In the original: Toward Dba[mssql Article] high-efficiency stored procedures for large tables "principle" with the worst performance SQL statement evolutionary process Guest
The results of the test are here to explain the principles of this article
Design background
Due to historical reasons, the online library environment data volume and its huge, many tens above even billions of tables. The goal is to have N-sheets of interconnected tables follow a source table as the base table, and the data is moved to archive here we example N for 50 per table data 5000W
Worst Performance SQL Evolutionary cameo
2 table keyname field meaning name, etc. same as the data from the BUG01 table, the first 500 not in the BUG02 table
Worst Performance:
Select TOP a.keyname from Bug01 a left joins bug02 b on a.keyname = B.keyname WHERE (a.keyname not in (select DISTINCT B.keyname from Bug02), ORDER by a.keyname ASC
The evolutionary body was unveiled at the end.
Detailed design
Problem point: Performance security fault tolerance
Why the process is so designed the following article explains
STEP.1 source table Data filtering
This part has nothing to say. Set different filtering rules according to your own business scenario
STEP.2 source table Data copy
The entry point of the program must be the source table, and the contents of the extension table are expanded with the source table as key. So how does this unfolding process work.

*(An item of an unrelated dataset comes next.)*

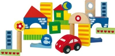 Es darf gebaut werden! Das GOULA Holzbausteine-Set ist der perfekte Einstieg in die faszinierende Welt des Bauens! Die Bauklötze sind aus robustem Holz gefertigt und extra für kleine Hände gemacht. Die bunten Klötze regen zum Bauen an und punkten mit ganz unterschiedlichen Formen. In dem Set enthalten sind eine Brücke und ein Auto und viele andere Formen. Ganz nebenbei werden die Feinmotorik und die Hand-Augen-Koordination trainiert und die Kreativität angeregt. An die Klötze, fertig, los!
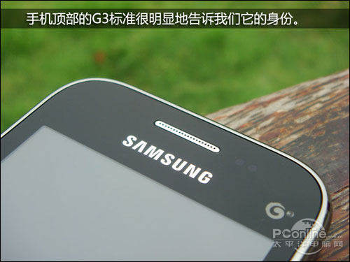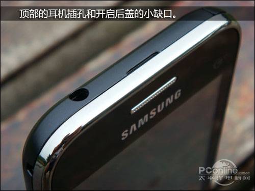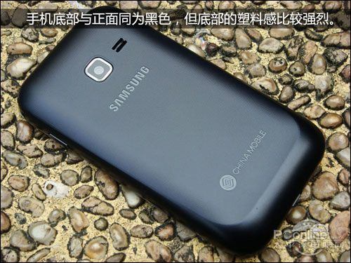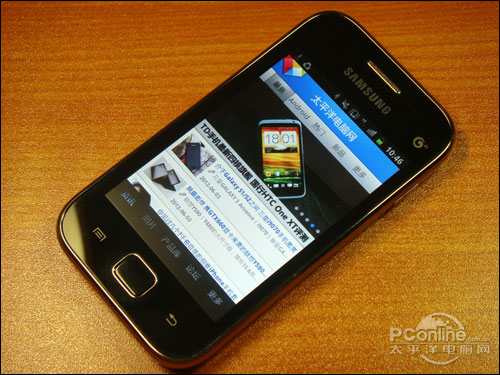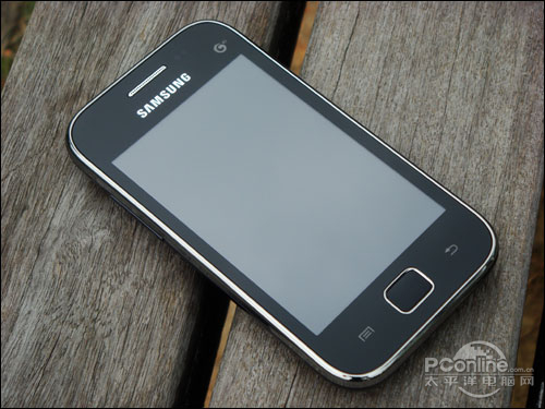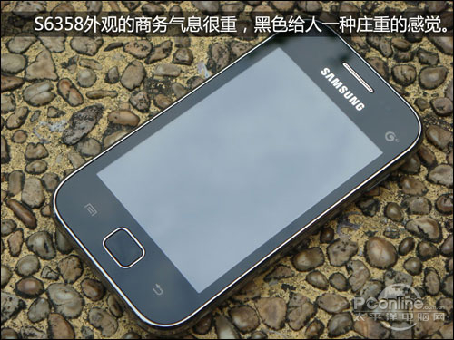 S6358的外观延续三星智能手机的风格,给人的感觉很圆润,像一部迷你版的I9000。机身正面的面板采用一体化设计,屏幕占了大部分的面积,但面板比较容易让人留下指纹,成为“指纹收集器”,当然贴个磨砂膜可以很轻松解决。另外,正面的银色边框让手机看上去很有质感,为手机增添了几分硬朗的气息。

Let's start by identifying some concepts, which are the hierarchical relationships in the 50 tables. There are only 10 tables that may be associated directly with the source table key key.
For example, I count all the library details in the city, then we use the library as the source table. Library related bookshelf, address, member information. So this 3 information we are divided into a level table.
Bookshelf related Books category, address associated Street information, member associated user borrowing information, then the back of 3 we continue to be divided into two levels table, ... Continue to expand according to the scene.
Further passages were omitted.